Input for this task:
▶
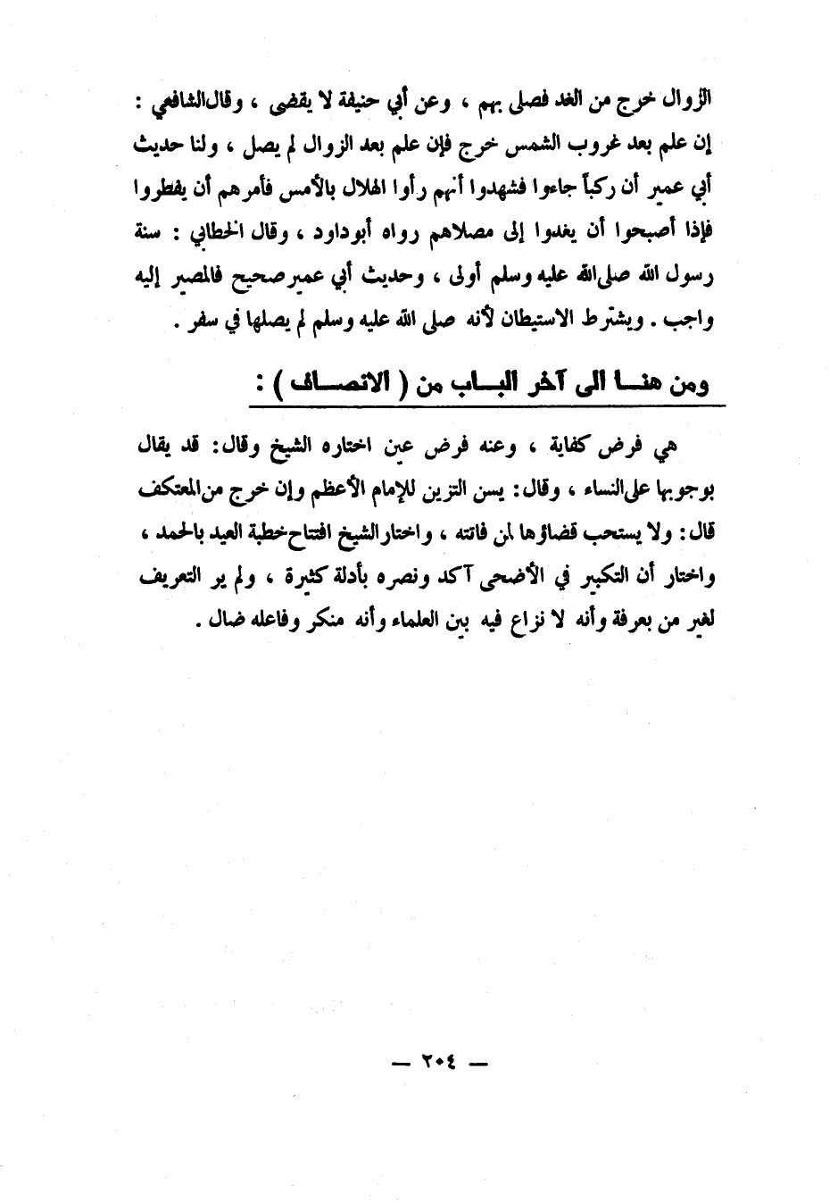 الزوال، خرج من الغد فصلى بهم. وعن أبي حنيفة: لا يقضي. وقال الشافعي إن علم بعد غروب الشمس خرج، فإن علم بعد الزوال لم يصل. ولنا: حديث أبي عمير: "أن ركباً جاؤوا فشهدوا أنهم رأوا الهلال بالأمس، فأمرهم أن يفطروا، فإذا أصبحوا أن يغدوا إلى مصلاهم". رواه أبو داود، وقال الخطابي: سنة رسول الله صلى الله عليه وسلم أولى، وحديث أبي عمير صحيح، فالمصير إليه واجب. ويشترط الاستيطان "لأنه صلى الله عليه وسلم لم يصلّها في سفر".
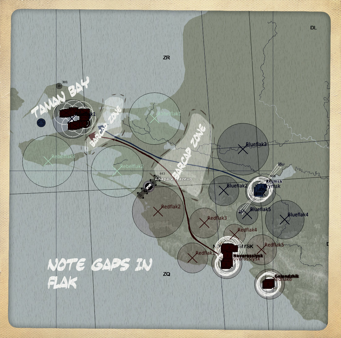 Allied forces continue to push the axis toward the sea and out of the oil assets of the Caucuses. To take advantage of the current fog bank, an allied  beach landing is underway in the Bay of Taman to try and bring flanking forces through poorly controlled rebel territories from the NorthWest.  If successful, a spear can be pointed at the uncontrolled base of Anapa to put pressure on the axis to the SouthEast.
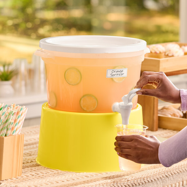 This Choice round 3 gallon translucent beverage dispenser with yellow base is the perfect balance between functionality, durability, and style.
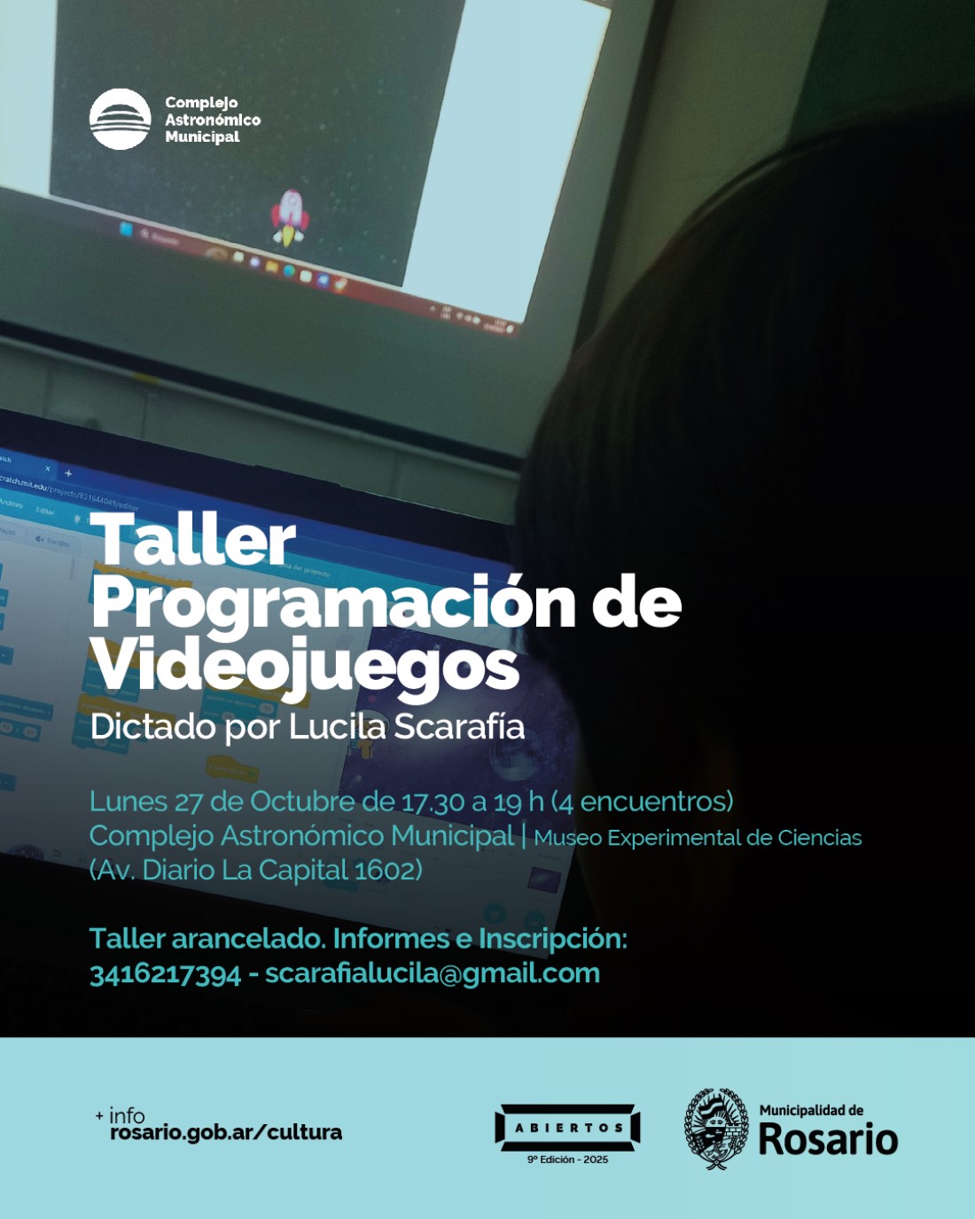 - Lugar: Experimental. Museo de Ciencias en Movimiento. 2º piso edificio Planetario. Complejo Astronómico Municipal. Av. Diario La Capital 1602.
◀
▶
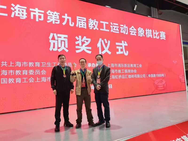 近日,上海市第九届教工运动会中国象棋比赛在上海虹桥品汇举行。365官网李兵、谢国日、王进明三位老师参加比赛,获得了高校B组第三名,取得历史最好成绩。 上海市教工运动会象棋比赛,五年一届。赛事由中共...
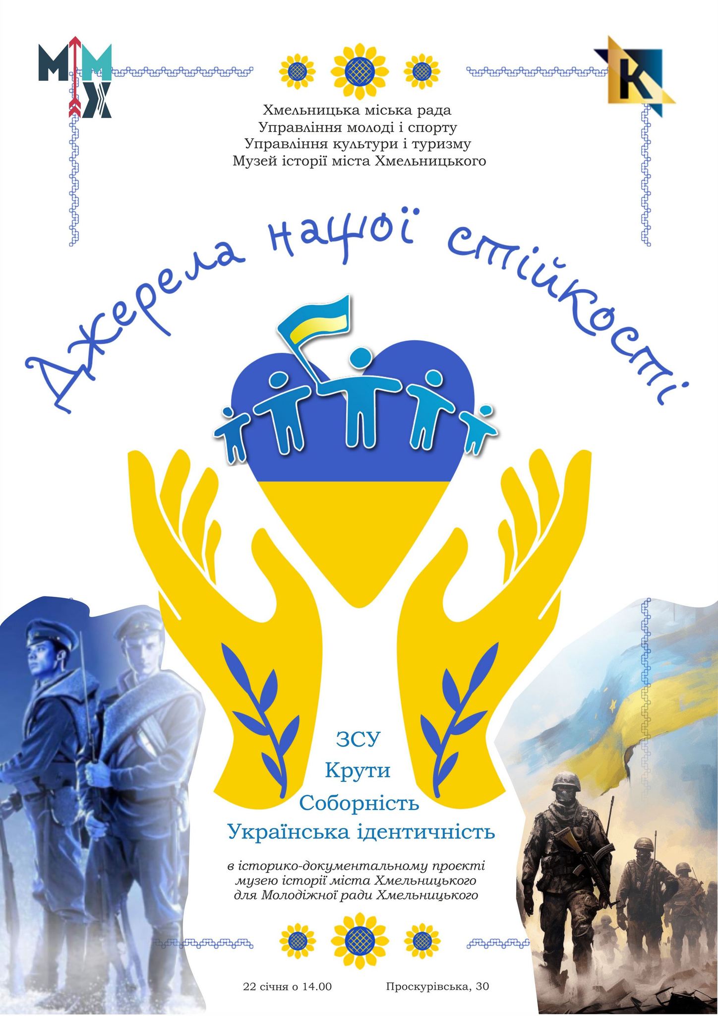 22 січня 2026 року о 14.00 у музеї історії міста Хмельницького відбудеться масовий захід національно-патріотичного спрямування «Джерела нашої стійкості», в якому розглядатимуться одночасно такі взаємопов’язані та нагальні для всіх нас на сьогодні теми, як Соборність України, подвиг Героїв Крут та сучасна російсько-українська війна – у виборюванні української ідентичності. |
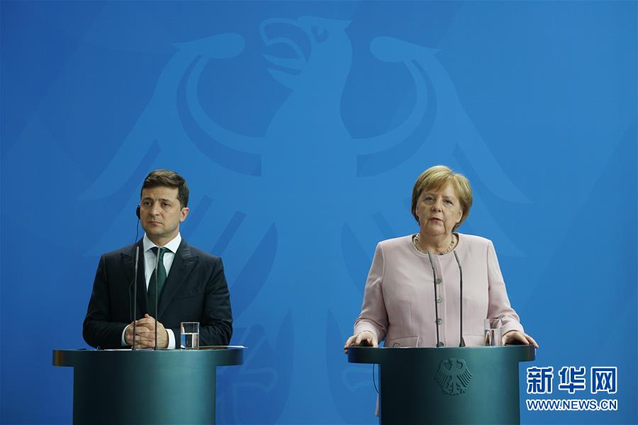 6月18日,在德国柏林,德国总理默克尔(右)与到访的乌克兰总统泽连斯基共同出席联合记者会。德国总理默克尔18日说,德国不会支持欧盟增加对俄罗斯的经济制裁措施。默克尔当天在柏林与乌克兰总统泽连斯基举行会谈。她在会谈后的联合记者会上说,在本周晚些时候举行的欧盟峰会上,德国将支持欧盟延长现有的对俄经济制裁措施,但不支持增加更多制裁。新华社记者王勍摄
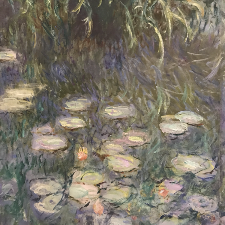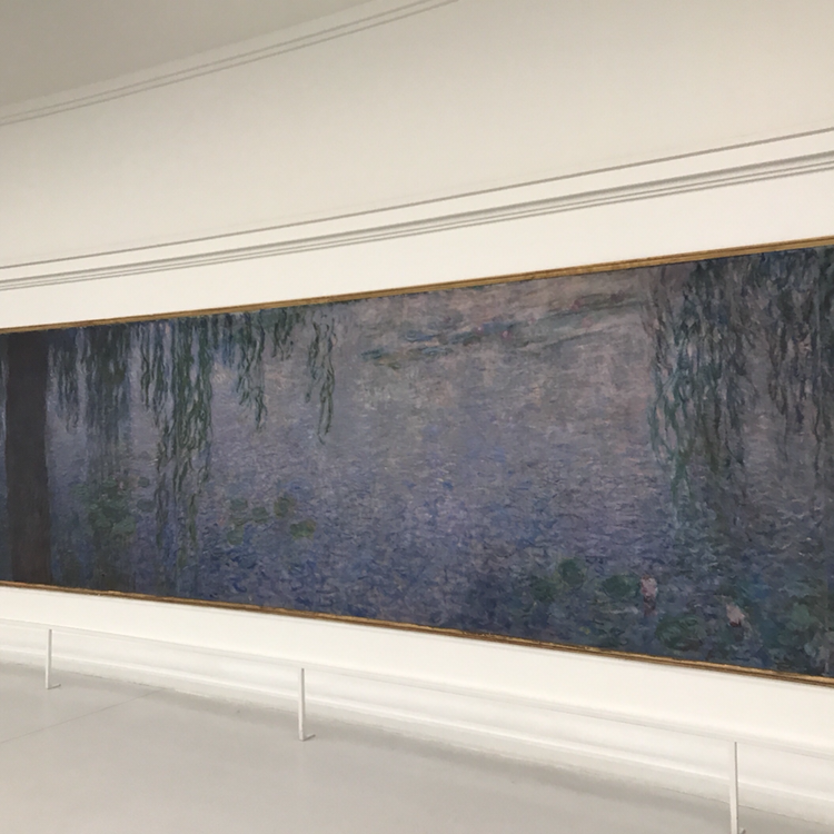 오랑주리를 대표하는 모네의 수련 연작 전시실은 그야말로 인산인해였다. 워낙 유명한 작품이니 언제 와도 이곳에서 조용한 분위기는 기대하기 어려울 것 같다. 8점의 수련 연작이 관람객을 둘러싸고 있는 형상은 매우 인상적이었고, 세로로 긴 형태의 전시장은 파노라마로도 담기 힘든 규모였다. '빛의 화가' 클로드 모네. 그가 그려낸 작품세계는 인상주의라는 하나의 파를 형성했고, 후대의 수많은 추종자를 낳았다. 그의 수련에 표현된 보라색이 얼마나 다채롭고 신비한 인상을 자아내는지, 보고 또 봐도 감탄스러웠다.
◀
Of the lines above, quote exactly those from the one with "Allied forces continue" through the one with "- Lugar: Experimental.", ends included; pictures stay out.

Response area:
 Allied forces continue to push the axis toward the sea and out of the oil assets of the Caucuses. To take advantage of the current fog bank, an allied  beach landing is underway in the Bay of Taman to try and bring flanking forces through poorly controlled rebel territories from the NorthWest.  If successful, a spear can be pointed at the uncontrolled base of Anapa to put pressure on the axis to the SouthEast.
 This Choice round 3 gallon translucent beverage dispenser with yellow base is the perfect balance between functionality, durability, and style.
 - Lugar: Experimental. Museo de Ciencias en Movimiento. 2º piso edificio Planetario. Complejo Astronómico Municipal. Av. Diario La Capital 1602.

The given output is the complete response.